▸ TASK DIRECTIONS: Your answer must be the data repeated exactly, with no pictures in it.

▸ DATA EXTRACT:

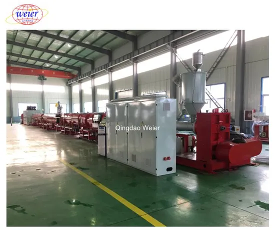 High capapcity HDPE PE pipe extruder extrusion line PE pipe extrusion line is developed by Weier based on European advanced technology and R&D experience of the plastic machinery for many years. Advanced design, reasonable structure, high reliability, high degree automation of the complete line.
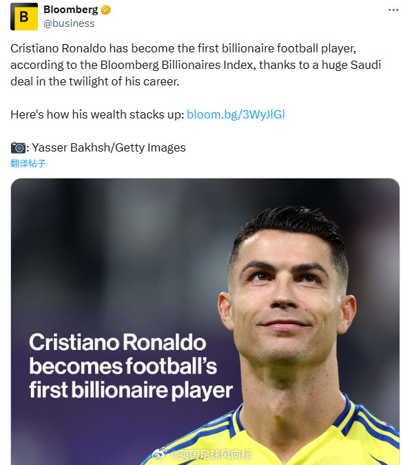 【C罗成为首位十亿资产球员】《彭博社》独家统计:葡萄牙巨星C罗,已经成为足球史上首位“十亿富翁”,在受到沙特联赛和球队的财政加持之下,C罗的个人资产已经达到14亿美元,远远抛离其他足球同行。
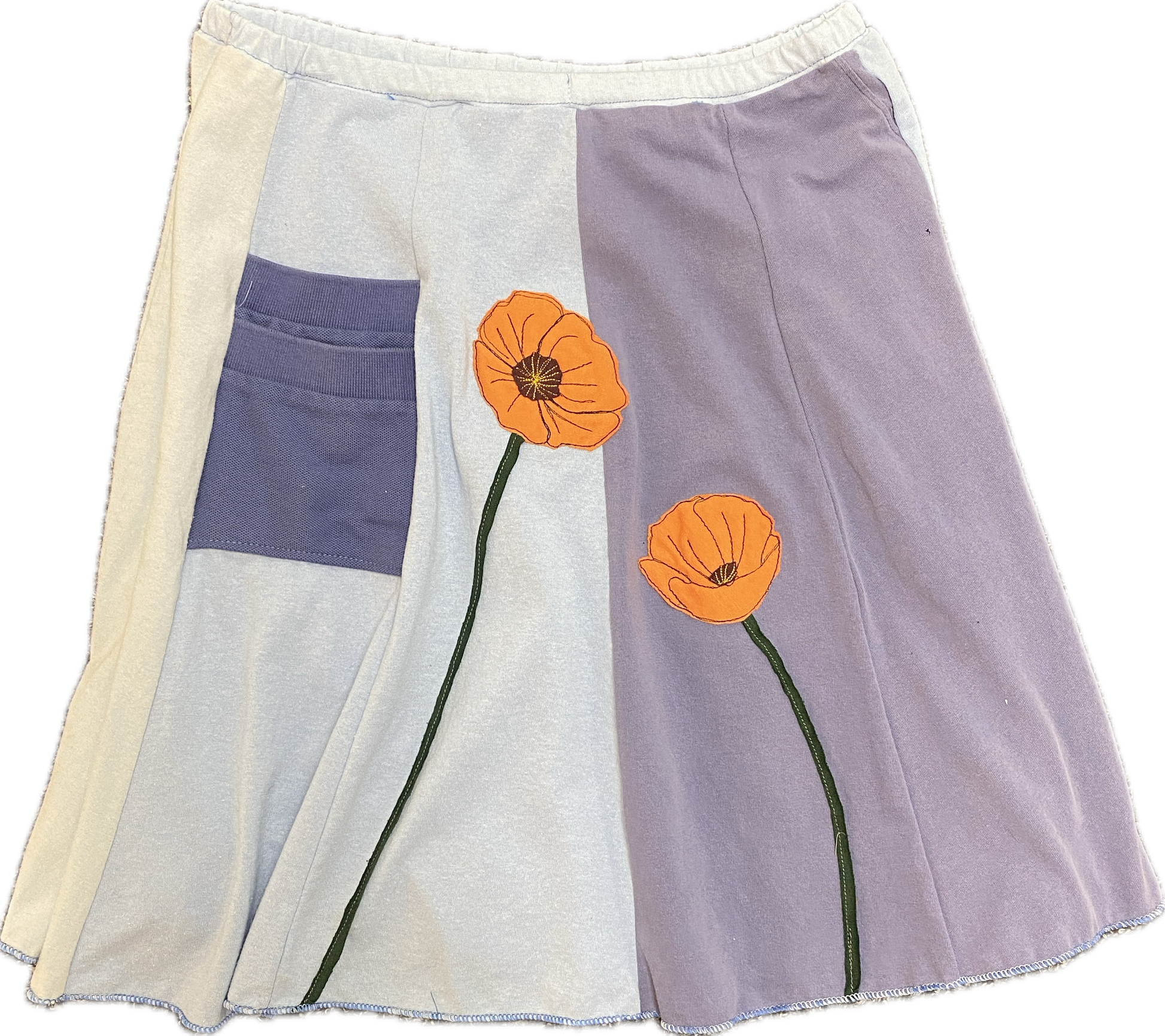 Classic Appliqué skirts are made with high quality, up-cycled t-shirts. Freestyle sewn images are appliquéd on panels of various colors making each skirt unique and interesting. Each skirt has a convenient pocket. Since there is no real “front” or “back”of this skirt, simply place the pocket where you like.

▸ OUTPUT OF THE EXERCISE:
 High capapcity HDPE PE pipe extruder extrusion line PE pipe extrusion line is developed by Weier based on European advanced technology and R&D experience of the plastic machinery for many years. Advanced design, reasonable structure, high reliability, high degree automation of the complete line.
 【C罗成为首位十亿资产球员】《彭博社》独家统计:葡萄牙巨星C罗,已经成为足球史上首位“十亿富翁”,在受到沙特联赛和球队的财政加持之下,C罗的个人资产已经达到14亿美元,远远抛离其他足球同行。
 Classic Appliqué skirts are made with high quality, up-cycled t-shirts. Freestyle sewn images are appliquéd on panels of various colors making each skirt unique and interesting. Each skirt has a convenient pocket. Since there is no real “front” or “back”of this skirt, simply place the pocket where you like.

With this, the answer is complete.